What the task requires: Within the entries below, the lines from the one with "கோவை மாவட்டம், மருதமலை" through the one with "Marbre blanc de" are to be set down exactly, both ends kept.

Data records:
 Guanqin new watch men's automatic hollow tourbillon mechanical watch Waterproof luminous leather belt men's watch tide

---

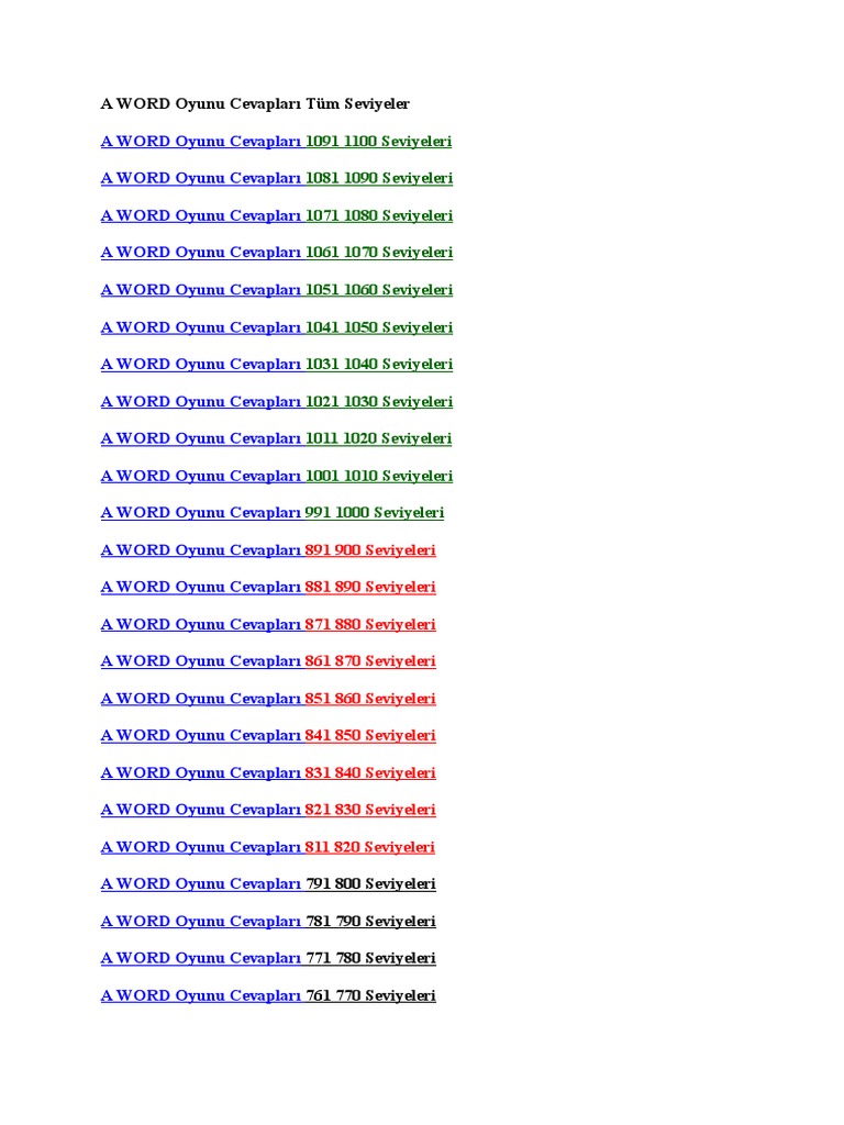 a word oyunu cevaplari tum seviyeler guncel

==

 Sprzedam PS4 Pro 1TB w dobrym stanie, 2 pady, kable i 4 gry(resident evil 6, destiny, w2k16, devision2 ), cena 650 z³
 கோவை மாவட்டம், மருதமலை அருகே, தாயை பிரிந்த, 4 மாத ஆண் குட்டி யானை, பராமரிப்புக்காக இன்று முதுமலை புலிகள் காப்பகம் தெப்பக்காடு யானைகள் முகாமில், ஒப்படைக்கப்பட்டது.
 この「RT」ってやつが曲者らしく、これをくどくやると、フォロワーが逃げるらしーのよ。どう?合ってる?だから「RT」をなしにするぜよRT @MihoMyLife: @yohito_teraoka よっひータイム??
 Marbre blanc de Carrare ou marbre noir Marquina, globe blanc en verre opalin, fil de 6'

Exercise answer:
 கோவை மாவட்டம், மருதமலை அருகே, தாயை பிரிந்த, 4 மாத ஆண் குட்டி யானை, பராமரிப்புக்காக இன்று முதுமலை புலிகள் காப்பகம் தெப்பக்காடு யானைகள் முகாமில், ஒப்படைக்கப்பட்டது.
 この「RT」ってやつが曲者らしく、これをくどくやると、フォロワーが逃げるらしーのよ。どう?合ってる?だから「RT」をなしにするぜよRT @MihoMyLife: @yohito_teraoka よっひータイム??
 Marbre blanc de Carrare ou marbre noir Marquina, globe blanc en verre opalin, fil de 6'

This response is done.